Having seen a wide range of harm across sectors, the FCA’s proposed changes aim to improve principals’ oversight of ARs and will require principals to provide the FCA with more information on the ARs they appoint. Collaborating with HM Treasury on its Call for Evidence, the FCA has been seeking views on whether setting limits on the AR regime may help to reduce potential harm.
The AR regime
The AR regime allows an AR (a firm or person) to carry out a regulated activity on behalf, and under the responsibility of, a firm authorised by the FCA – known as the principal. In appointing an AR, the principal assumes responsibility for the regulated activities the AR carries out.
There are numerous benefits to using ARs; it is cost-effective, encourages competition and supports innovation. The regulator reiterates that the AR regime provides an important function, which is beneficial to consumers, when functioning properly. It is therefore unsurprising that there are currently around 40,000 ARs operating under the supervision of around 3,600 firms.
But FCA data analysis has found that principals on average generate 50-400% more complaints and supervisory cases than non-principals, across all sectors where this model operates. The FCA’s data also showed that FSCS claims relating to principals and ARs accounted for 61% of claim value. Harm is occurring as a result of principals’ lack of due diligence and failure to exercise sufficient oversight and control over the regulated activities being carried out by their ARs. The risks are that ARs could be acting outside the scope of their appointment, providing misleading information or delivering products and services to customers that are inappropriate.
Proposed changes
As a result, the FCA consulted on two main areas of change:
Additional information on ARs and notification requirements for principals
- Currently, principals are only required to report to the FCA high-level information such as the AR’s name, contact details, legal status, date of appointment, whether it is an IAR or ‘full’ AR and the market in which they operate.
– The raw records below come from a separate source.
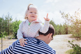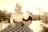 Funny little girl shows finger, she got an idea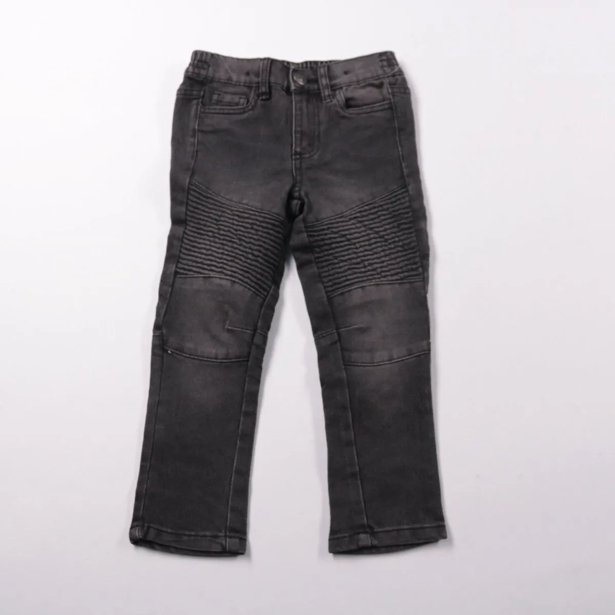 Джинсы Kiki&Koko тёмно-серого цвета с рельефными вставками на коленях. Подойдут мальчику на каждый день, для прогулок и активных игр. Плотный деним со стрейчем лучше садится по фигуре и не сковывает движения.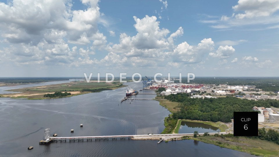 CLIP 6 - Wilmington, NC Port of Wilmington with cargo ship docked on Cape Fear River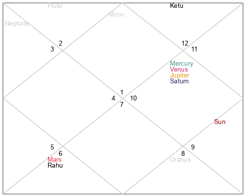 | Rahu | 20 Libra 45 | 11 Pisces 45 | 14 Libra 14 |
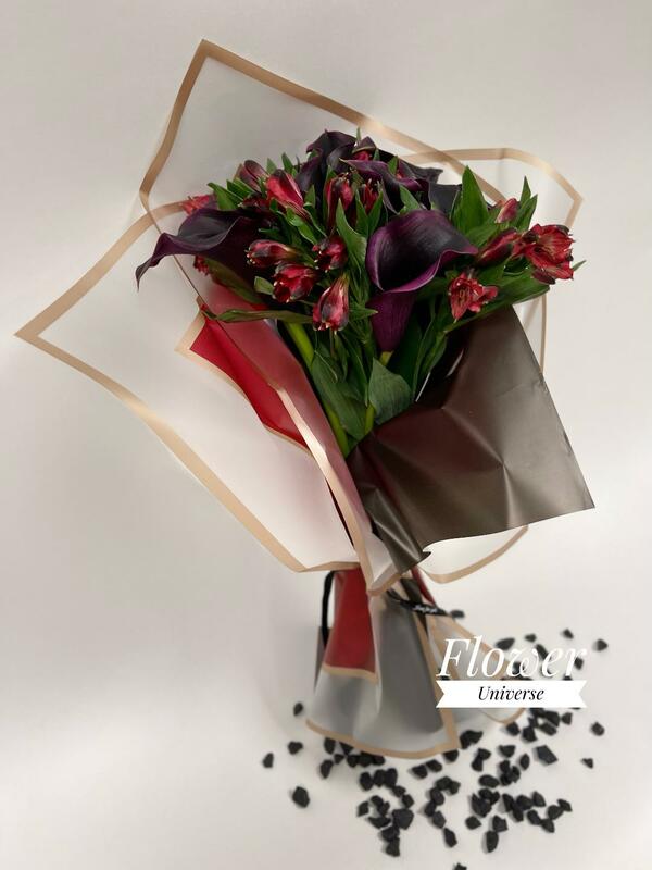Buchet special pentru o persoană care adora culorile închise. Calele sunt cele care predomină în acest buchet, iar culorile pot sa difere in funcție de dorința clientului și disponibilitatea florilor.

- The FCA are therefore proposing that principals provide additional information on the AR’s business, revenue and financial relationship with the principal, complaints and the regulated and non-regulated activities they carry out.
- Information on IARs will be limited to the nature of the regulated activities to be undertaken, financial arrangements between the IAR and principal, and revenue from regulated activity during the first year of appointment.
- Changes to the notification requirements for principals have also been suggested. Principals will be required to notify the FCA at least 60 calendar days before an AR appointment takes effect and any changes to the AR’s name, or the regulated activities it carries out, are to be notified at least 10 days beforehand.
- It is hoped that these changes will allow the FCA to identify potential risks and assess whether the principal has adequate expertise, systems and controls to oversee the ARs effectively.
Clarifying responsibilities and expectations of principals in FCA rules
- The FCA proposes new guidance for principals on how to meet FCA expectations.
- This includes assessing senior management at ARs annually for how well they align with fitness and propriety requirements. The assessment should consider whether ARs have sufficient experience, training, knowledge and skills and whether they have the necessary time to perform the tasks for which they are responsible.
- The FCA also intend to strengthen the expectations of firms to monitor AR’s activities. Principals must take ‘reasonable steps’ to ensure ARs act within the scope of their appointment, including specific oversight of ARs where the size of the AR business increases significantly or where turnover and/or staff turnover is unusually high.
- The FCA have also clarified the need for ARs to have ‘adequate controls and resources’. This means controls and resources that: are commensurate to the size of the AR’s business and the regulated activities it carries on, enable the principal to manage conflicts of interest and maintain effective oversight, and enable the principal to identify and resolve any issues arising from the AR.
The consultation paper also sought views on regulatory hosting arrangements (where the principal itself does not engage in regulated activity to any meaningful extent itself but instead allows ARs to use its permissions to do so), prudential standards and whether setting limits on AR arrangements could reduce potential harm. In addition, the FCA is using the opportunity to simplify SUP 12 within the FCA Handbook. The proposals include several amendments, however the draft instrument does not change the substance of the FCA’s requirements.
Comments on the FCA’s Consultation and HM Treasury’s Call for Evidence closed on 3 March 2022, and final rules are expected in the first half of 2022. These form part of the wider intervention to tackle supervisory issues across sectors, which have also been considered in the FCA’s 2021/22 Business Plan and 2020/21 Perimeter report. It is therefore crucial that those firms who have AR arrangements in place, or intend to supervise ARs in future, are aware of the proposals.